Common sense is an attitude towards our environment that can be summarized by the slogan: Automatic pilot if possible and investigative attitude if necessary. This slogan nicely captures the fact that there is no need to acquire common sense. Everybody always already possesses it. Yet, we can always continue to improve and edify our common sense. That is a crucial insight. We all have automatic inclinations all of the time. These are our impulsive responses that are easily triggered by environmental clues. They are part of our common sense. But the better we develop our sensibility to potential perturbations of how scenarios are expected to unfold, the better we become capable of shifting from these immediate inclinations to the investigative attitude in case this is needed. Developing this sensibility is key to full-blown common sense. That is actually just an intelligently reflective autopilot: it can switch itself off – automatically! – if needed. Once our automatic pilot is switched off, common sense shows its critical potential, its kinship with our ordinary human capacity for critical thinking. That is a part of common sense too, a part that we may be inclined to overlook, given that we are accustomed to a division of labour between laypeople and experts. That is an unfortunate side-effect of our modern scientistic culture.

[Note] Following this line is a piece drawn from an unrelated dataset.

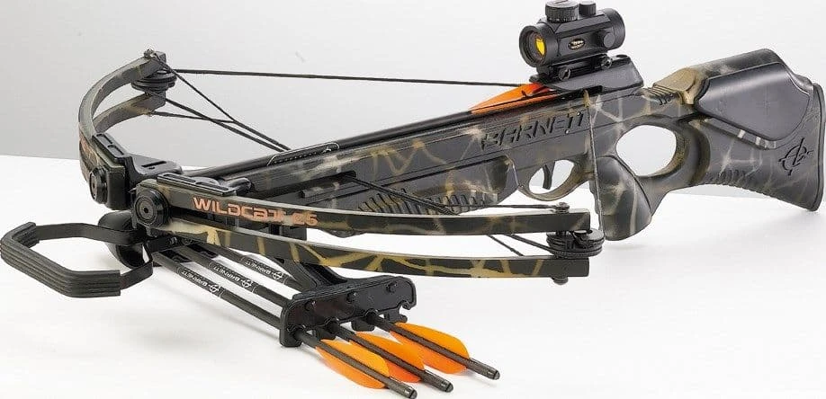 The Wildcat C5 is built on Barnett tradition.The best selling bow of all time is the foundation of this awesome compund crossbow. With spped, performance and comfort in mind, the WILDCAT C5 features a lightweight GAM composite stock, thumbhole grip, vented quad limbs and the ‘Veloci-Speed’ hight energy wheel assembly. It does not stop there; this bow has a revolutionary crank attachment built right into the stock. This allows for easy installation of the optional crank cocking device while maintaining a sleek, low profile look and feel. The WILDCAT C5 is available in a stealthy matted black finish (shown below) or in a camoflauge pattern.

Common sense as I understand it is a bit like intuition, but it differs in a number of ways. Intuition often is associated with a kind of non-inferential certainty: I don’t know how or why I know it, but I just know it! That is like the autopilot part in my picture. But intuition often seems to entail a kind of indifference towards scrutinizing the nature and the origin of one’s intuitions. That is not very smart, and not what common sense would advice. Sticking to one’s intuitions in this way deprives one after all of a number of opportunities for improvement. These have mainly to do with learning from others and learning to accommodate one’s emotions. Emotions play an important role in common sense, but not in the populist understanding of the fundamental primacy of our gut feeling. Common sense is a much more balanced and mature capacity.